Advanced Filtering: You can filter and search to navigate large job histories: - Filter by status, date range, application type, or cluster. - Search by job name. - Sort by different criteria.

Workloads page

Applications

The Applications page is a catalog of all available containerized applications, with detailed information and quick access to launch workloads.

Application Catalog: Displays a grid view of all pre-configured applications available on the platform. Each application tile shows the application name, version, description, supported AMD ROCm version, and resource requirements. Applications are categorized by domain (AI/ML, HPC, Data Analytics, Visualization) for easy navigation.

Application Details: Click on any application to view comprehensive information including: - Supported frameworks and libraries (PyTorch, TensorFlow, ROCm, OpenMP). - Hardware compatibility (GPU types, memory requirements, CPU specifications). - Pre-installed software packages and dependencies.

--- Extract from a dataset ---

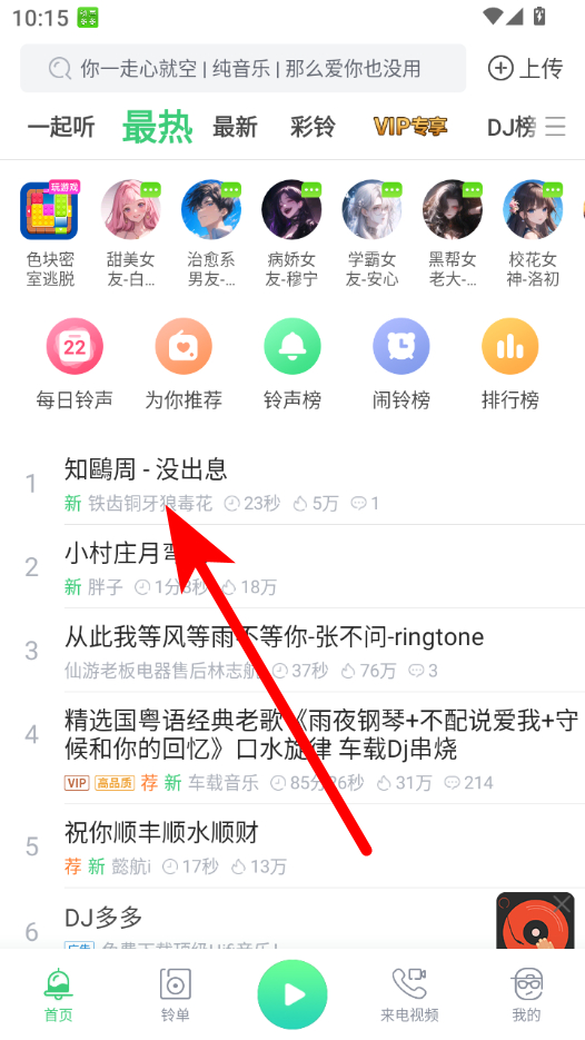 2、隨后,大家進(jìn)入首頁可以看到海量的鈴聲,可隨機(jī)挑選自己感興趣的音樂并點(diǎn)擊;

Filtering and Search: You can filter and search to find relevant applications: - Filter by different criteria like name, category, architecture, etc. - Search by application name or keywords. - Bookmark frequently used applications for quick access.

Applications page

Clusters

The Clusters page lists all available compute clusters so you can choose where to run your workloads.

Cluster Overview: Displays a comprehensive list of all available clusters showing essential information including cluster name, type (Slurm/Kubernetes), total nodes and available resources.

Filtering and Search: You can navigate the cluster inventory by: - Search by cluster name. - Sort by cluster name, resource manager or accelerator type. - View clusters by geographic location or organizational access.

Clusters page

Queues

The Queues page shows job scheduling queues across all clusters so you can understand queue limits and plan your workload submissions.

Queue Overview: Displays a comprehensive list of all available queues showing essential information including queue name, associated cluster and queue limits (time, resources).

Filtering and Search: You can navigate queue information by: - Filter by cluster, queue type, etc. - Search by queue name or associated cluster. - Sort by different criteria.

Queues page

Files

The Files page is where you upload, organize, and manage data files for your workloads across all clusters and storage.

File Browser: A hierarchical view of your storage with folder navigation and file listing (name, size, modification date, file type, storage location). You can navigate directories, create folders, and organize files in a familiar interface.

File Upload: Multiple upload options to accommodate different data transfer needs: - Drag & Drop: Simple interface for uploading single or multiple files - Bulk Upload: Support for large files and folder structures

File Management: Comprehensive file operations including: - View details, delete and download - Bulk deletion.

Search and Filtering: Basic file discovery tools: - Search by filename. - Filter by cluster location. - Sort by various criteria including name, size, or date creation.

Files page